Exercise directions:
The result should be an exact copy of only the lines from the one with "隊形移動にも挑戦し、取り組み" through the last line of the data below, with pictures omitted.

■ ■ ■ ■ ■

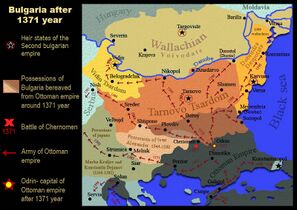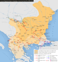 The medieval Bulgarian state was restored as the Second Bulgarian Empire after a successful uprising of two nobles from Tarnovo, Asen and Peter, in 1185, and existed until it was conquered during the Ottoman invasion of the Balkans in the late 14th century, with the date of its subjugation usually given as 1396, although some fringe views place it at 1422.[15] Until 1256, the Second Bulgarian Empire was the dominant power in the Balkans, defeating the Byzantine Empire in several major battles.
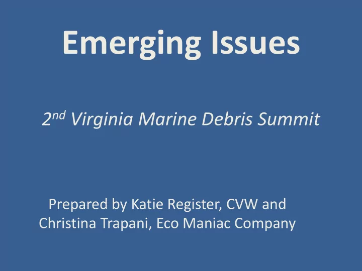 Emerging Issues 2 nd Virginia Marine Debris Summit Prepared by Katie Register, CVW and Christina Trapani, Eco Maniac Company
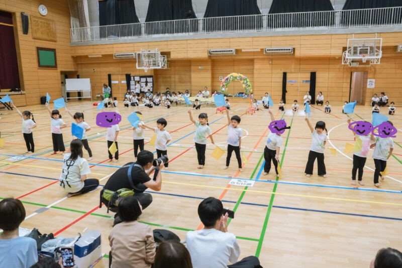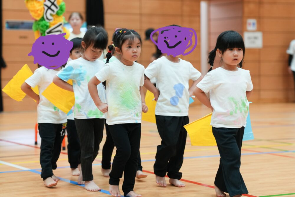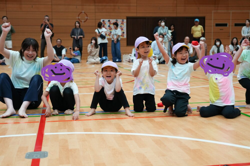 隊形移動にも挑戦し、取り組みの時からお気に入りの「ピーハラピーハラ」というフレーズを口ずさみながら…片足をぴょこんと横にあげる振りも可愛く決まり、楽しく踊ることが出来ましたよ🥰
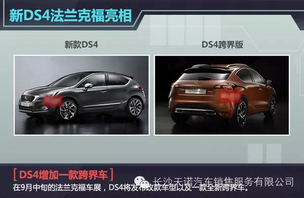 PSA集团旗下的DS品牌在正式独立后,车辆已陆续使用全新的DS专属logo,而不再悬挂雪铁龙的双立人标识。近日,网通社从捷克媒体autoforum获悉:在9月中旬开幕的法兰克福车展上,DS品牌将发布新款DS4,该车将推出常规版与跨界版两种车型,车辆均使用了DS品牌的独立logo。这其中跨界版车型的推出,预示着未来DS有望推出定位低于DS6的小型SUV。
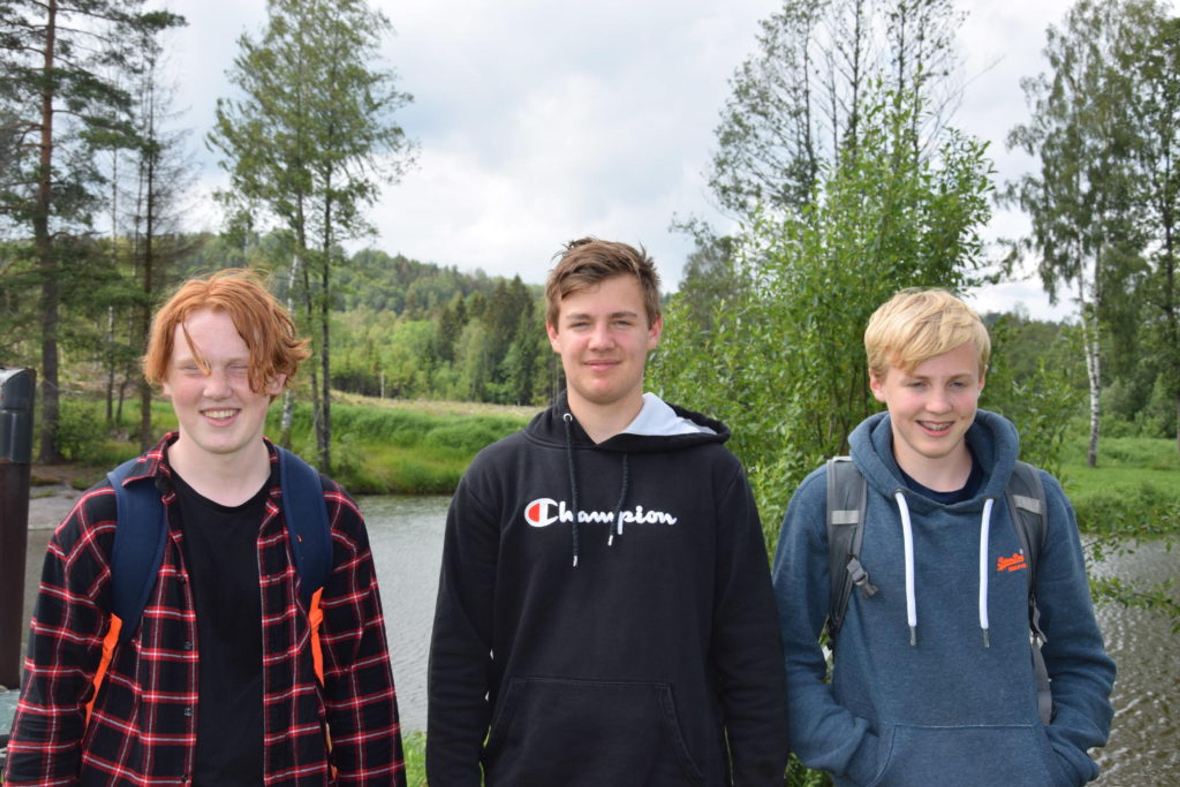 Ute treffer vi Henrik Mortenson, Theodor Larsen og Fillip Woll som akkurat har kommet tilbake fra roturen oppover Storelva. De synes skoledagen har vært koselig.
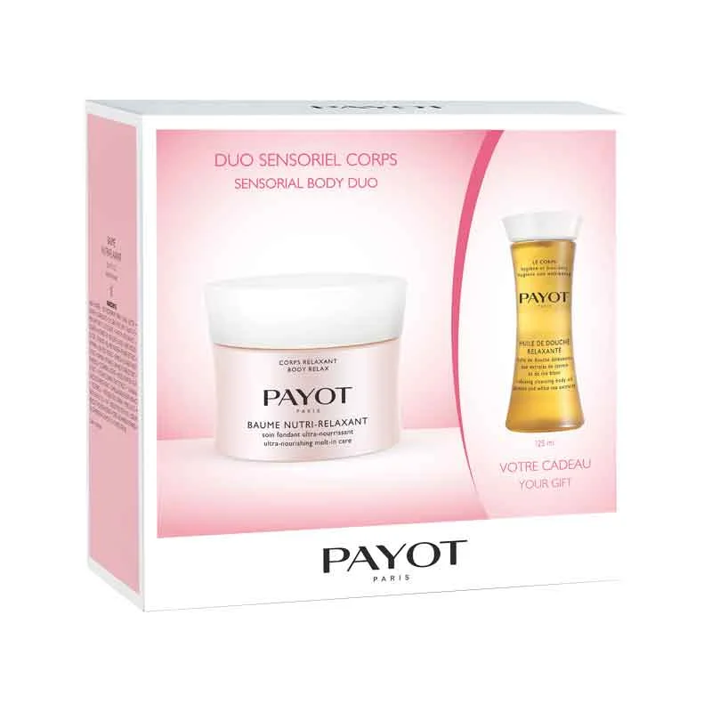Das perfekte Pflegeduo für Ihren Körper von Payot. Das Duo Sensoriel enthält den Body Relax Baume Nutri-Relaxant mit 200 ml Inhalt und das Huile de Douche Relaxante mit 125 ml Inhalt. Beginnen Sie Ihre Körperpflege mit dem Duschöl Huile De Douche Relaxante. Das Duschöl reinigt und pflegt Ihren Körper zugleich. Beruhigende Extrakte aus weißem Tee und Jasmin entspannen beim Duschen Ihren gesamten Körper. Ihr Körper wird von dem Austrocknen und Feuchtigkeitsverlust bewahrt. Im Anschluss schenken Sie Ihrem Körper mit dem Body Relax Baume Nutri-Relaxant Körperbalsam ein nährendes, glattes und geschmeidiges Hautgefühl. Zudem wird Ihr Körper den ganzen Tag in einen angenehmen Duft gehüllt.

■ ■ ■ ■ ■

Response to the exercise:
 隊形移動にも挑戦し、取り組みの時からお気に入りの「ピーハラピーハラ」というフレーズを口ずさみながら…片足をぴょこんと横にあげる振りも可愛く決まり、楽しく踊ることが出来ましたよ🥰
 PSA集团旗下的DS品牌在正式独立后,车辆已陆续使用全新的DS专属logo,而不再悬挂雪铁龙的双立人标识。近日,网通社从捷克媒体autoforum获悉:在9月中旬开幕的法兰克福车展上,DS品牌将发布新款DS4,该车将推出常规版与跨界版两种车型,车辆均使用了DS品牌的独立logo。这其中跨界版车型的推出,预示着未来DS有望推出定位低于DS6的小型SUV。
 Ute treffer vi Henrik Mortenson, Theodor Larsen og Fillip Woll som akkurat har kommet tilbake fra roturen oppover Storelva. De synes skoledagen har vært koselig.
Das perfekte Pflegeduo für Ihren Körper von Payot. Das Duo Sensoriel enthält den Body Relax Baume Nutri-Relaxant mit 200 ml Inhalt und das Huile de Douche Relaxante mit 125 ml Inhalt. Beginnen Sie Ihre Körperpflege mit dem Duschöl Huile De Douche Relaxante. Das Duschöl reinigt und pflegt Ihren Körper zugleich. Beruhigende Extrakte aus weißem Tee und Jasmin entspannen beim Duschen Ihren gesamten Körper. Ihr Körper wird von dem Austrocknen und Feuchtigkeitsverlust bewahrt. Im Anschluss schenken Sie Ihrem Körper mit dem Body Relax Baume Nutri-Relaxant Körperbalsam ein nährendes, glattes und geschmeidiges Hautgefühl. Zudem wird Ihr Körper den ganzen Tag in einen angenehmen Duft gehüllt.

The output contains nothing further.